Content starts

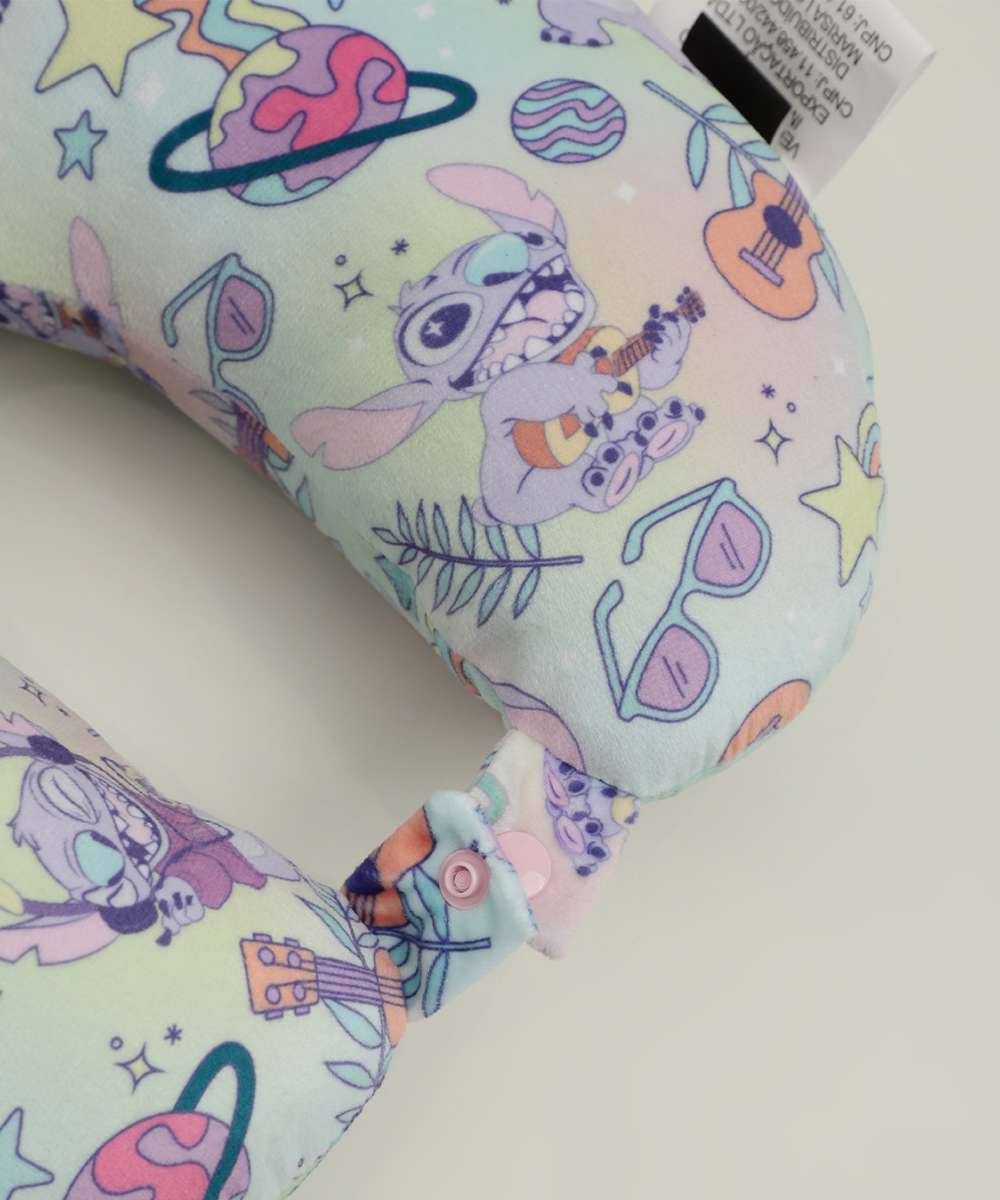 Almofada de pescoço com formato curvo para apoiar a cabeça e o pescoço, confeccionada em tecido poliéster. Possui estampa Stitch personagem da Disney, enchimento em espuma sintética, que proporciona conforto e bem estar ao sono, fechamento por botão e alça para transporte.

Content ends
Content starts

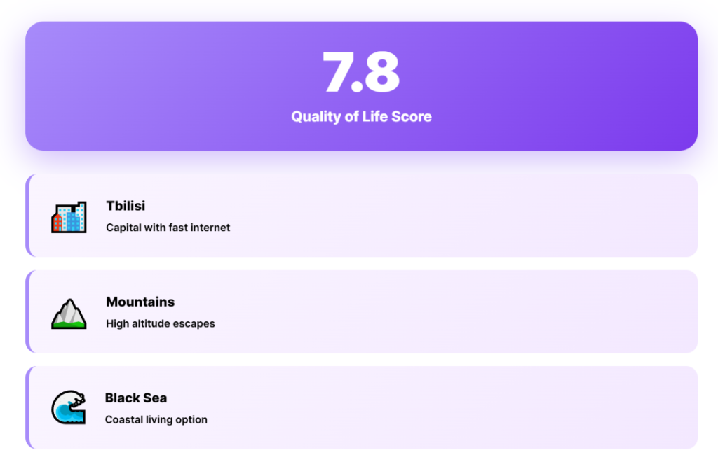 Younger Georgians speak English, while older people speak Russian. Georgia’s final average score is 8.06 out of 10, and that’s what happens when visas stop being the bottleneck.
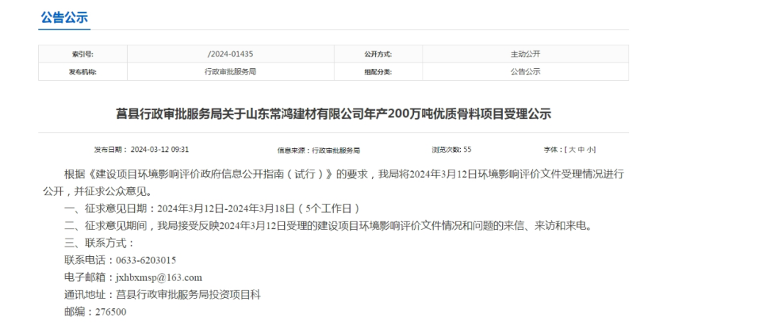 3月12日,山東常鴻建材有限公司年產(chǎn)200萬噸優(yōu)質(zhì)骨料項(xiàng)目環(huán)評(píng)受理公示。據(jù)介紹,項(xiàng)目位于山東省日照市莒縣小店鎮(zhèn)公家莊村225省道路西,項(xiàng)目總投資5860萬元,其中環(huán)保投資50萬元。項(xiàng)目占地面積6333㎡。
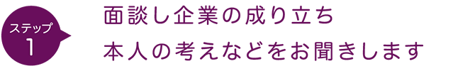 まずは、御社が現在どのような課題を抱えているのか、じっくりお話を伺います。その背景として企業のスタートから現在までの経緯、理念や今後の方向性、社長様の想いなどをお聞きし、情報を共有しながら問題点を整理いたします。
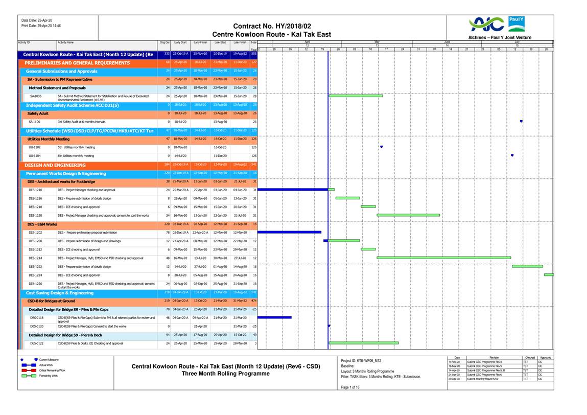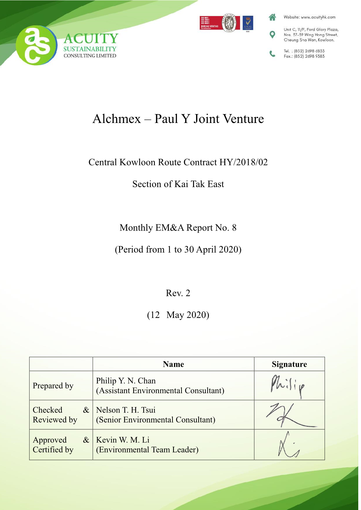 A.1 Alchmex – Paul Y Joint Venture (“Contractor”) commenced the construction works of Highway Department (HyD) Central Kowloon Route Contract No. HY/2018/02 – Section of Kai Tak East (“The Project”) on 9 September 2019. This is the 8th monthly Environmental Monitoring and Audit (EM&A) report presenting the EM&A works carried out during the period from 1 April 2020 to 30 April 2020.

Content ends
Content starts

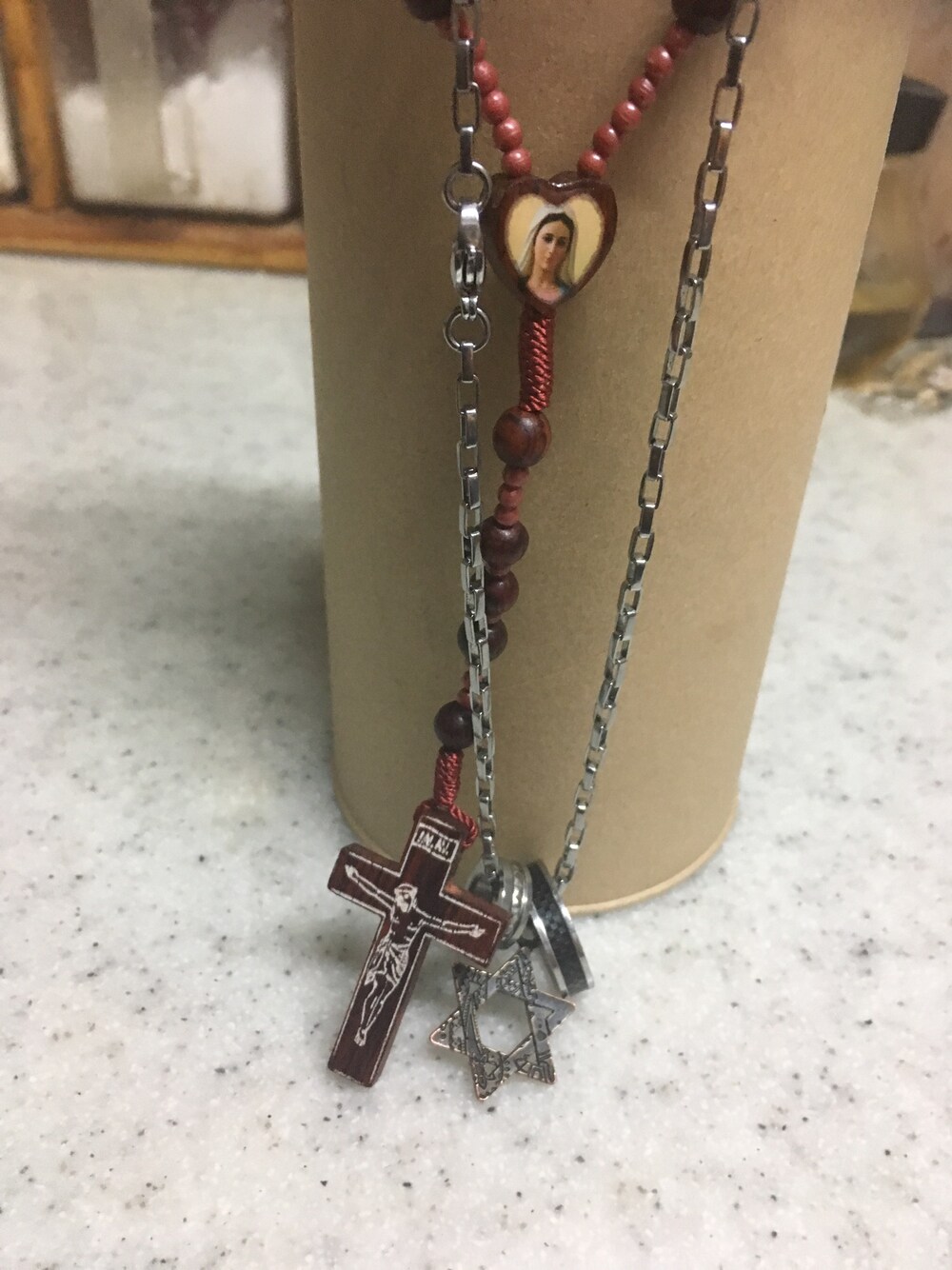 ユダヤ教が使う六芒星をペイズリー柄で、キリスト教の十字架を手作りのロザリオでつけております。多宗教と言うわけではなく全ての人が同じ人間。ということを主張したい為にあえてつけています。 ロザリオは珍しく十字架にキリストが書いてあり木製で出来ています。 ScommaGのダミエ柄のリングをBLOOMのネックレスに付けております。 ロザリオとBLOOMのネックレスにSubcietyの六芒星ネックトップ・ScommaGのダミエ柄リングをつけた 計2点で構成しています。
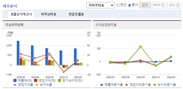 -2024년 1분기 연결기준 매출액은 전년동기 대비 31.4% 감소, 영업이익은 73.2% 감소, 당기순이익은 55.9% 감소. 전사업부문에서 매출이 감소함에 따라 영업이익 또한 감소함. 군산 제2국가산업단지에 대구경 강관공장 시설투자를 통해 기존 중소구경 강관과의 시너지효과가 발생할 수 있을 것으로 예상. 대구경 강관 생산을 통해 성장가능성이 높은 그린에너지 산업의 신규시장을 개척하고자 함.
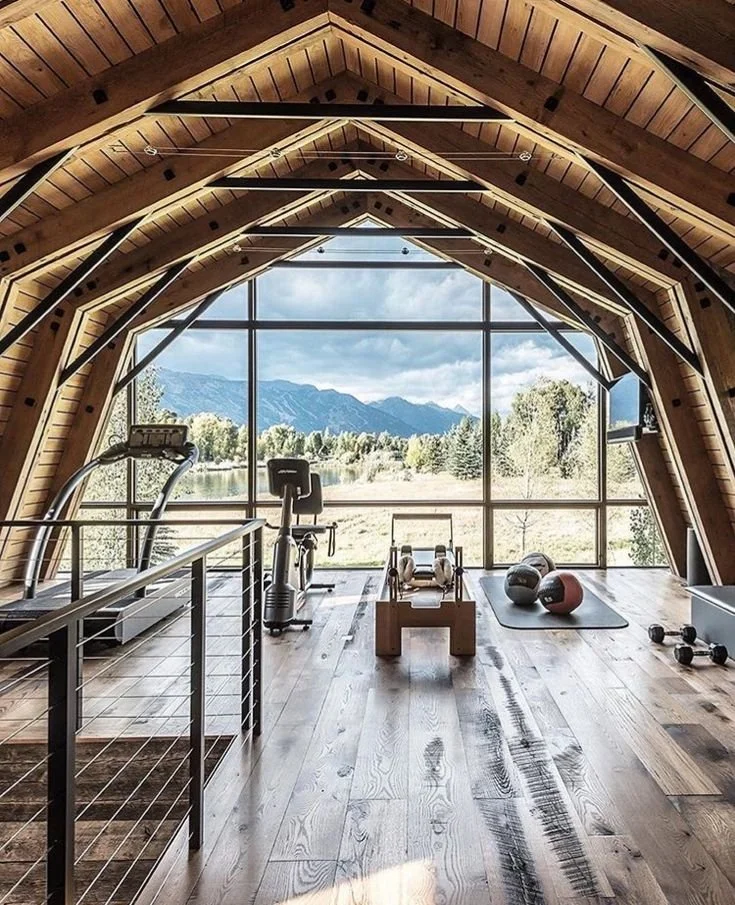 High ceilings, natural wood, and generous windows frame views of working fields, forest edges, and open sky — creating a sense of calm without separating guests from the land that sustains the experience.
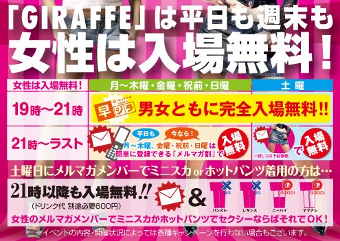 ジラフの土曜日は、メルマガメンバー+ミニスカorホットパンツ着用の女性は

Content ends

ASSIGNMENT
Start at the line containing "-2024년 1분기 연결기준" above and stop at the line containing "ジラフの土曜日は、メルマガメンバー+ミニスカorホットパンツ着用の女性は". Output those lines exactly, both included, but none of the pictures.

PROBLEM SOLUTION
 -2024년 1분기 연결기준 매출액은 전년동기 대비 31.4% 감소, 영업이익은 73.2% 감소, 당기순이익은 55.9% 감소. 전사업부문에서 매출이 감소함에 따라 영업이익 또한 감소함. 군산 제2국가산업단지에 대구경 강관공장 시설투자를 통해 기존 중소구경 강관과의 시너지효과가 발생할 수 있을 것으로 예상. 대구경 강관 생산을 통해 성장가능성이 높은 그린에너지 산업의 신규시장을 개척하고자 함.
 High ceilings, natural wood, and generous windows frame views of working fields, forest edges, and open sky — creating a sense of calm without separating guests from the land that sustains the experience.
 ジラフの土曜日は、メルマガメンバー+ミニスカorホットパンツ着用の女性は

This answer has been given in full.